┌──
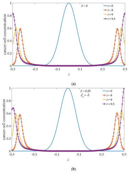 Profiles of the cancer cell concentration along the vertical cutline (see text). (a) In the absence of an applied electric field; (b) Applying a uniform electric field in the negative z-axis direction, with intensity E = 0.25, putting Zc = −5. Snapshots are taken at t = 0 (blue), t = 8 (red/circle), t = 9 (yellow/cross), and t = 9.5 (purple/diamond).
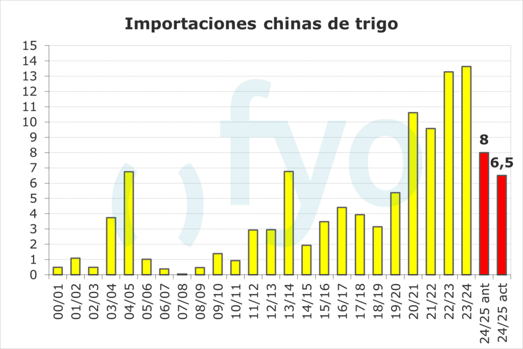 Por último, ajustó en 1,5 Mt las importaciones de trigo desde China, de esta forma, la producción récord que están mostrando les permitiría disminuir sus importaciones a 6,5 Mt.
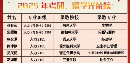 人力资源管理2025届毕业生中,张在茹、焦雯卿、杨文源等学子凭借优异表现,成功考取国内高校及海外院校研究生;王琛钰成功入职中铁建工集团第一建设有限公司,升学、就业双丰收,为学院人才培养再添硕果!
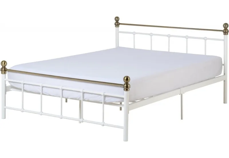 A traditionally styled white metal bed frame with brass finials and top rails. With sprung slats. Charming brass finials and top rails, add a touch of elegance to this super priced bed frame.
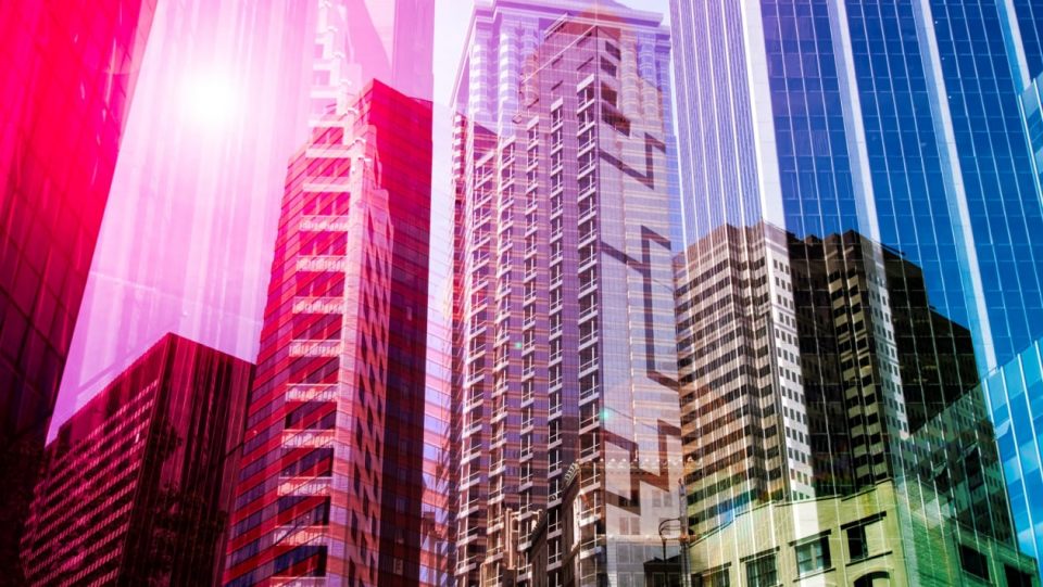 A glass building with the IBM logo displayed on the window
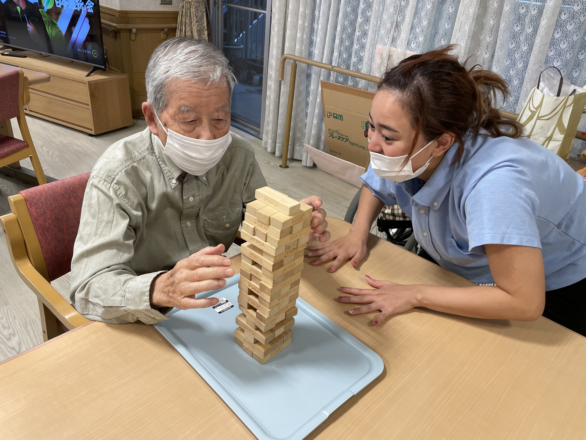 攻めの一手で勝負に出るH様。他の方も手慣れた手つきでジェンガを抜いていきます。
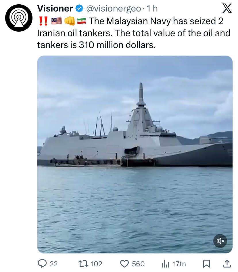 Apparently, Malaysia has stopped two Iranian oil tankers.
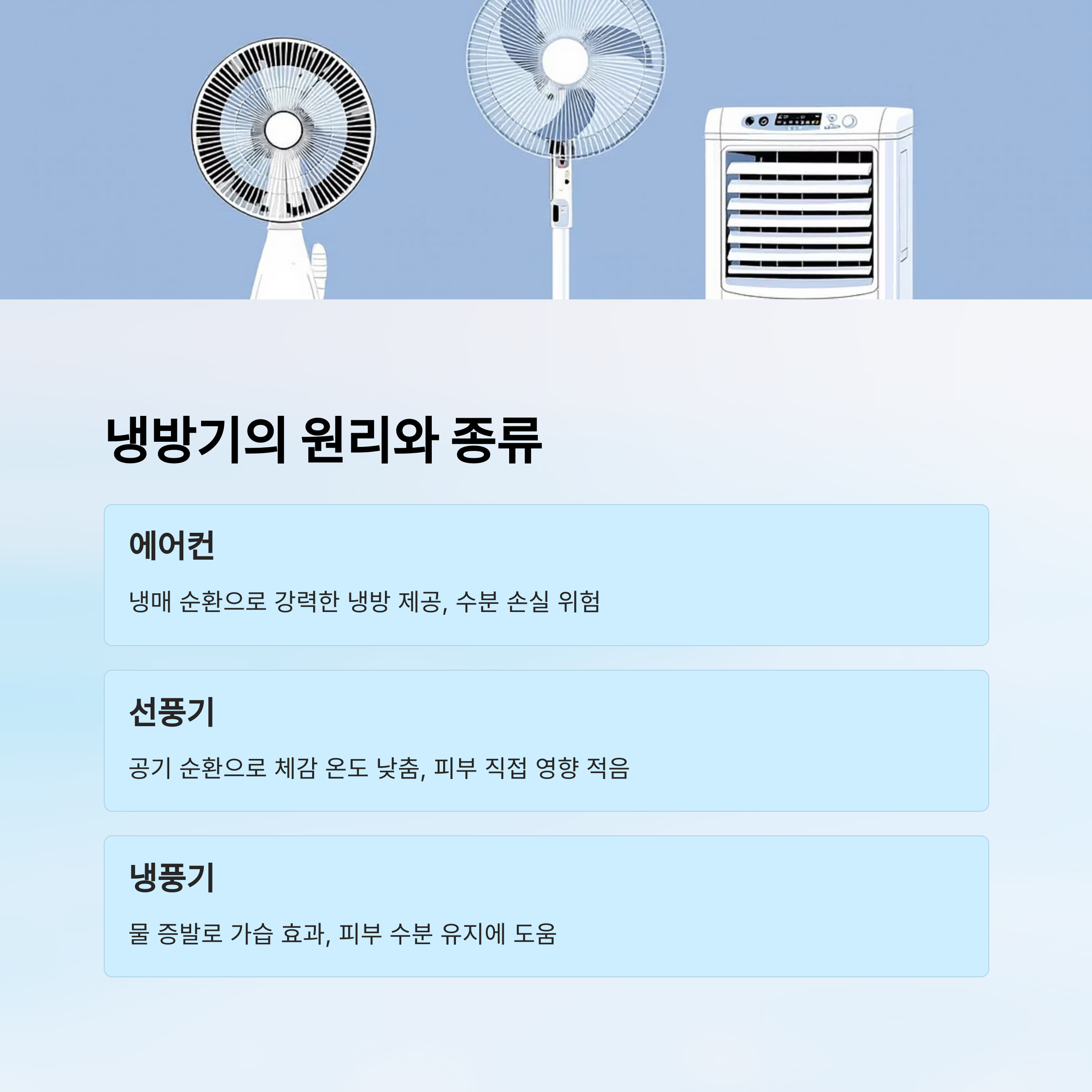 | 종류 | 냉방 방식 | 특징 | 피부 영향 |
└──
┌──
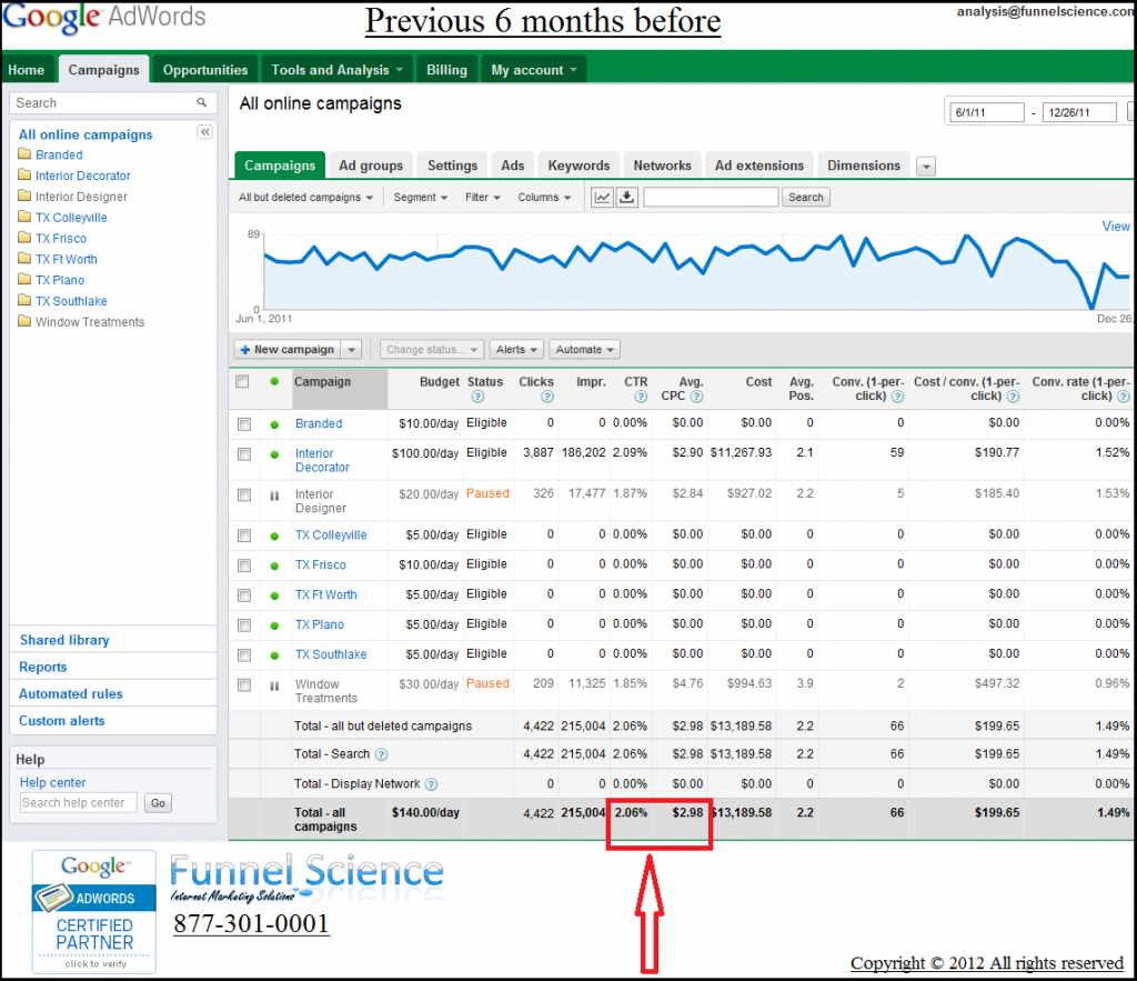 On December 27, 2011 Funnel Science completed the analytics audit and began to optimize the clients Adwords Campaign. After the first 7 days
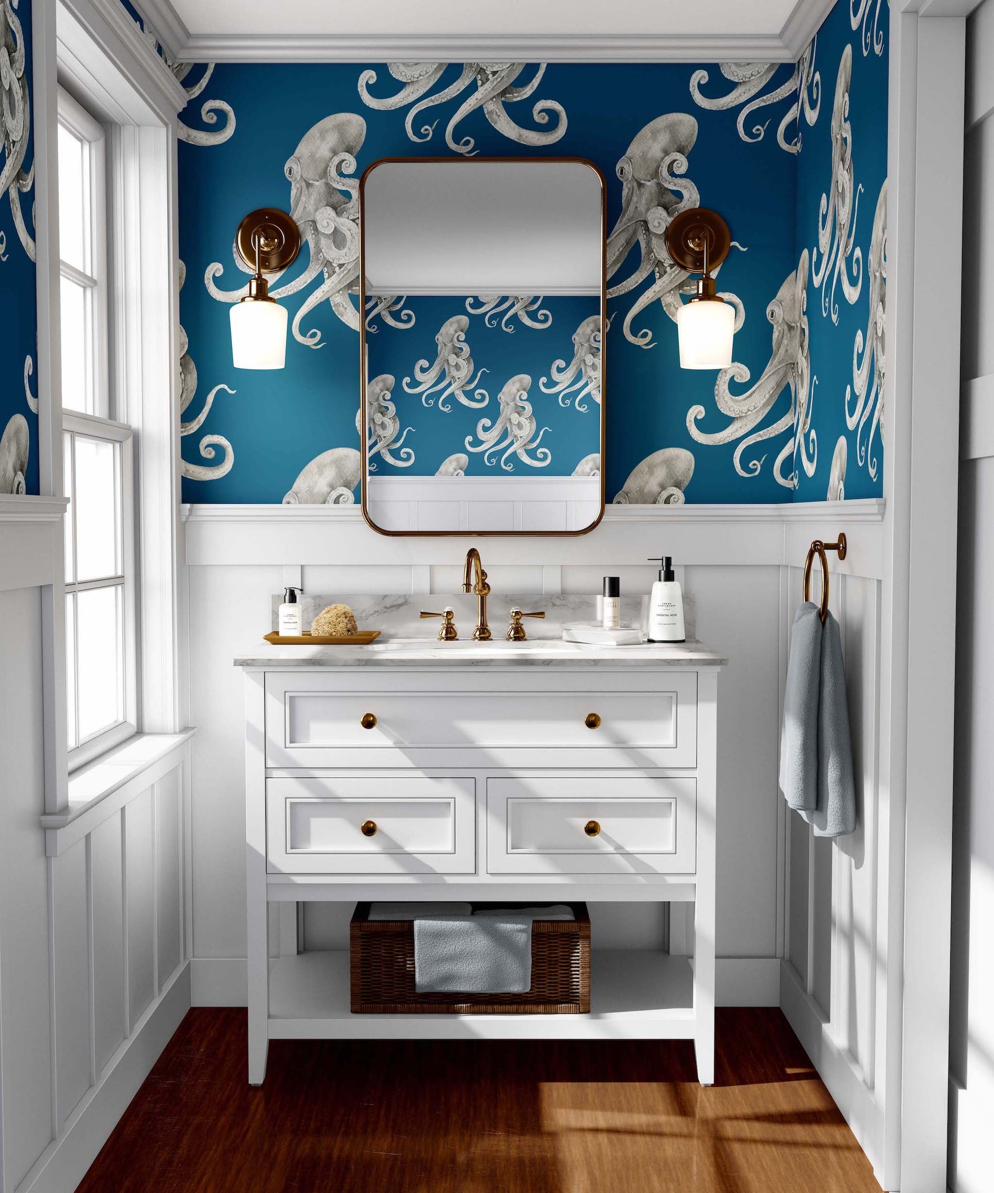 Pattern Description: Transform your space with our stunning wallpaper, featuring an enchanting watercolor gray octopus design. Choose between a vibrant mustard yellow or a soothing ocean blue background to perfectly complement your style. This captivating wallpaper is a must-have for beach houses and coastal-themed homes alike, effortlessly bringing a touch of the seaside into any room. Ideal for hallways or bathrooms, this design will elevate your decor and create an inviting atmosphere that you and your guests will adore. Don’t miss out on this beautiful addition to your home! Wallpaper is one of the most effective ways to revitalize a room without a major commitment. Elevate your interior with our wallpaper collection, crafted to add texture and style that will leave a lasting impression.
└──
# PROBLEM REQUIREMENTS:
Produce an exact reproduction of the listing above, limited to the lines starting at the line with "On December 27, 2011" and ending at the line with "Pattern Description: Transform", both kept, with every picture left out.

# ANSWER:
 On December 27, 2011 Funnel Science completed the analytics audit and began to optimize the clients Adwords Campaign. After the first 7 days
 Pattern Description: Transform your space with our stunning wallpaper, featuring an enchanting watercolor gray octopus design. Choose between a vibrant mustard yellow or a soothing ocean blue background to perfectly complement your style. This captivating wallpaper is a must-have for beach houses and coastal-themed homes alike, effortlessly bringing a touch of the seaside into any room. Ideal for hallways or bathrooms, this design will elevate your decor and create an inviting atmosphere that you and your guests will adore. Don’t miss out on this beautiful addition to your home! Wallpaper is one of the most effective ways to revitalize a room without a major commitment. Elevate your interior with our wallpaper collection, crafted to add texture and style that will leave a lasting impression.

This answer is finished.